Changing stroke rehab and research worldwide now.Time is Brain! trillions and trillions of neurons that DIE each day because there are NO effective hyperacute therapies besides tPA(only 12% effective). I have 523 posts on hyperacute therapy, enough for researchers to spend decades proving them out. These are my personal ideas and blog on stroke rehabilitation and stroke research. Do not attempt any of these without checking with your medical provider. Unless you join me in agitating, when you need these therapies they won't be there.

What this blog is for:

My blog is not to help survivors recover, it is to have the 10 million yearly stroke survivors light fires underneath their doctors, stroke hospitals and stroke researchers to get stroke solved. 100% recovery. The stroke medical world is completely failing at that goal, they don't even have it as a goal. Shortly after getting out of the hospital and getting NO information on the process or protocols of stroke rehabilitation and recovery I started searching on the internet and found that no other survivor received useful information. This is an attempt to cover all stroke rehabilitation information that should be readily available to survivors so they can talk with informed knowledge to their medical staff. It lays out what needs to be done to get stroke survivors closer to 100% recovery. It's quite disgusting that this information is not available from every stroke association and doctors group.

Monday, February 2, 2026

Association between early depressive symptoms after stroke and trajectories of functional recovery among patients with acute ischemic stroke: a longitudinal study

'Associations' DO NOTHING FOR SURVIVOR RECOVERY! Are you that blitheringly stupid you don't know that survivors would like recovery rather than a completely fucking useless 'association'? 

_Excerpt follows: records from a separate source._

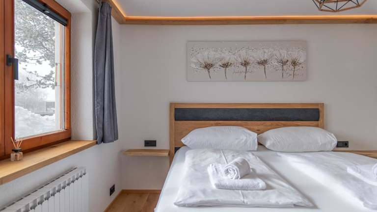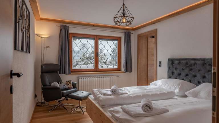 Die Ferienwohnung verfügt über 2 Schlafzimmer, ein Wohnzimmer mit einem Flachbild-TV sowie eine gut ausgestattete Küchenzeile, die mit einem Kühlschrank und einem Geschirrspüler ausgestattet ist. Des Weiteren stehen den Gästen 1 Badezimmer mit Dusche zur Verfügung. Handtücher und Bettwäsche sind in der Unterkunft verfügbar. Eine Terrasse mit Bergblick ergänzt die Ausstattung.
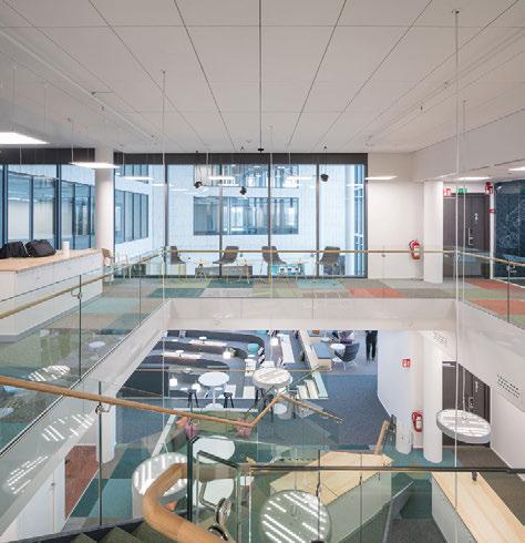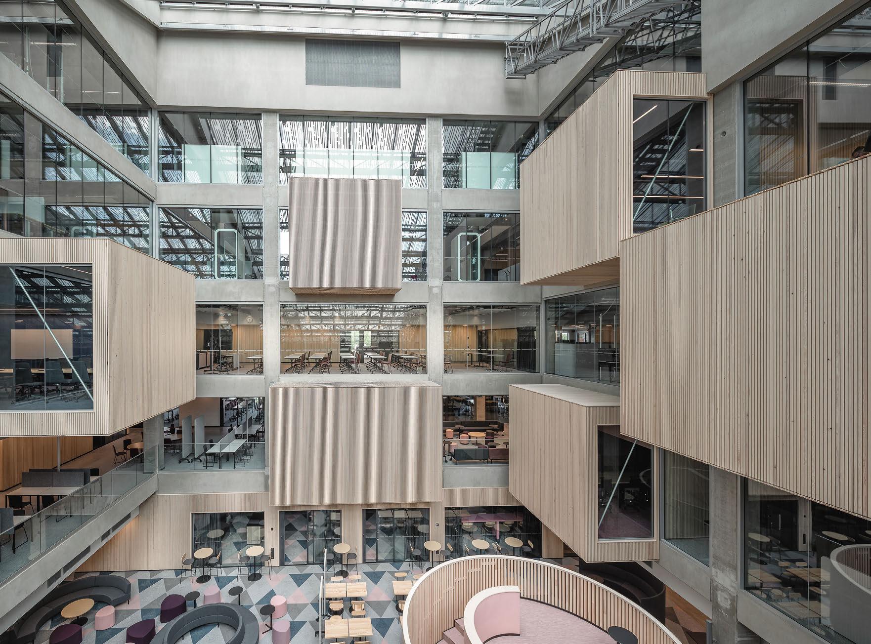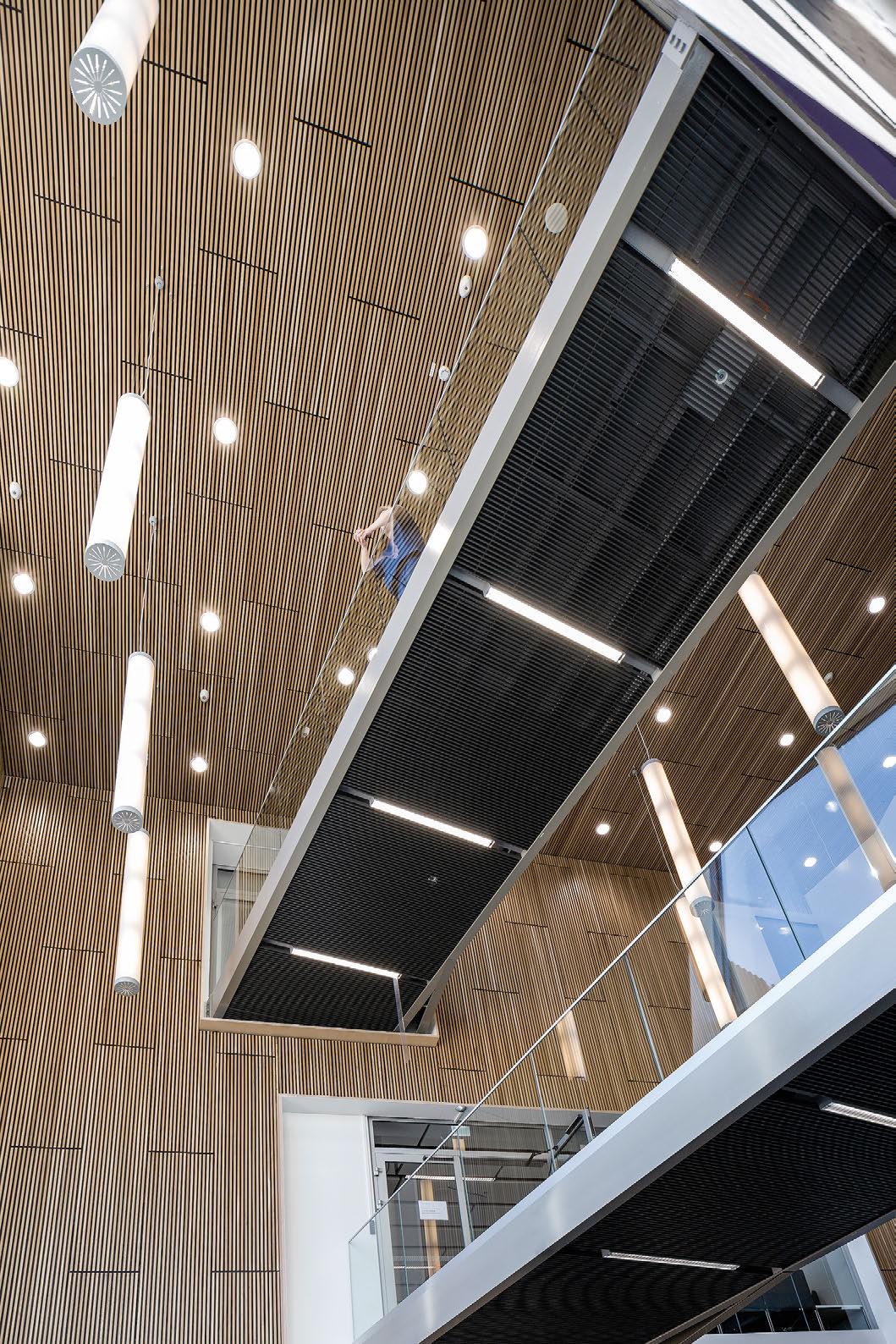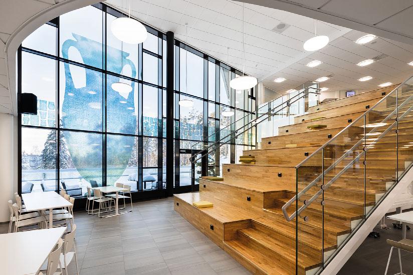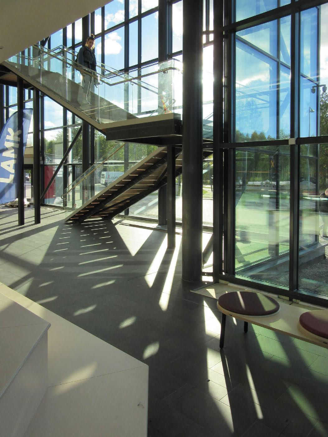The design work was steered by an idea of the lobby as a shared meeting place of the entire campus area. When you step in through the main entrance, you are enveloped by the timber battening lining a full-height atrium that soars all the way up to the skylights. The concrete stairs and landings wind upwards from the entrance level to the fifth floor, following the rhythm and direction of the rise up the Yliopistonmäki hill.
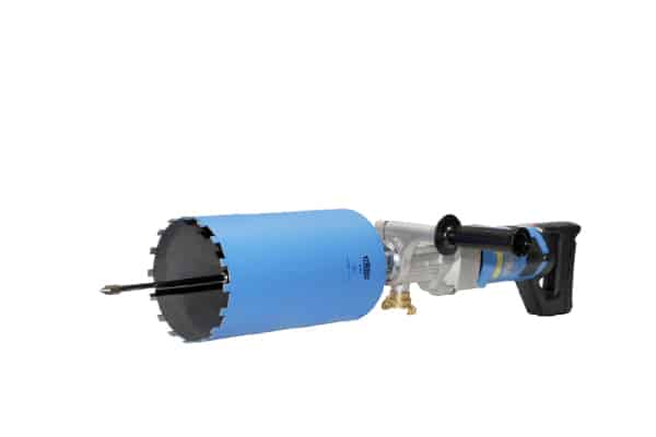 Carotatrice a secco, piccola, maneggevole e pulita, con impugnatura laterale. Per fori su mattoni e

Association between early depressive symptoms after stroke and trajectories of functional recovery among patients with acute ischemic stroke: a longitudinal study


Fanfan Li&#x;Fanfan Li1Xingjin Song,&#x;Xingjin Song1,2Cuicui Zhang,&#x;Cuicui Zhang1,3Chi PengChi Peng4Ting HuTing Hu1Xiue Wei
Xiue Wei1*Liangqun Rong
Liangqun Rong1*Haiyan Liu
Haiyan Liu1*
  • 1Department of Neurology, Second Affiliated Hospital of Xuzhou Medical University, Xuzhou, China
  • 2Graduate School of Xuzhou Medical University, Xuzhou, China
  • 3Department of Neurology, Beijing Tiantan Hospital, Capital Medical University, Beijing, China
  • 4Department of Emergency, Changhai Hospital, Naval Medical University, Shanghai, China

Background: Depressive symptoms are very common in the acute phase of stroke; however, its impact on distinct functional recovery trajectories in acute ischemic stroke (AIS) patients remains unclear. Our study aimed to depict the functional recovery trajectories within 6 months after stroke and explore the association of early depressive symptoms with these recovery patterns among AIS patients.

Methods: A total of 219 eligible patients were enrolled at the stroke centers of two tertiary hospitals in Xuzhou, China from April 2023 to June 2024. The Center for Epidemiologic Studies Depression Scale (CES-D) was used to assess depressive symptoms during the acute hospitalization. The Group-based trajectory model was conducted to identify distinct trajectories of functional recovery, as measured by modified Rankin Scale (mRS) and Barthel Index (BI) at baseline, 3 months, and 6 months. A series of multinomial logistic regression models were performed to examine the relationship between early depressive symptoms and dynamic recovery patterns.

Results: We identified 3 mRS trajectories (mild, moderate, and severe) and 5 BI trajectories (low-rapid rise, moderate low-stable, moderate-progressive rise, moderate high-rapid decline, and high-stable), respectively. After full adjustments, patients with early depressive symptoms were at increased likelihood of being in the moderate (OR 8.22, 95% CI 2.77–24.39) and severe (OR 24.41, 95% CI 5.33–111.90) trajectory group for mRS trajectories, and of the moderate high-rapid decline (OR 12.93, 95% CI 1.49–112.42) trajectory group for BI trajectories ( p < 0.05).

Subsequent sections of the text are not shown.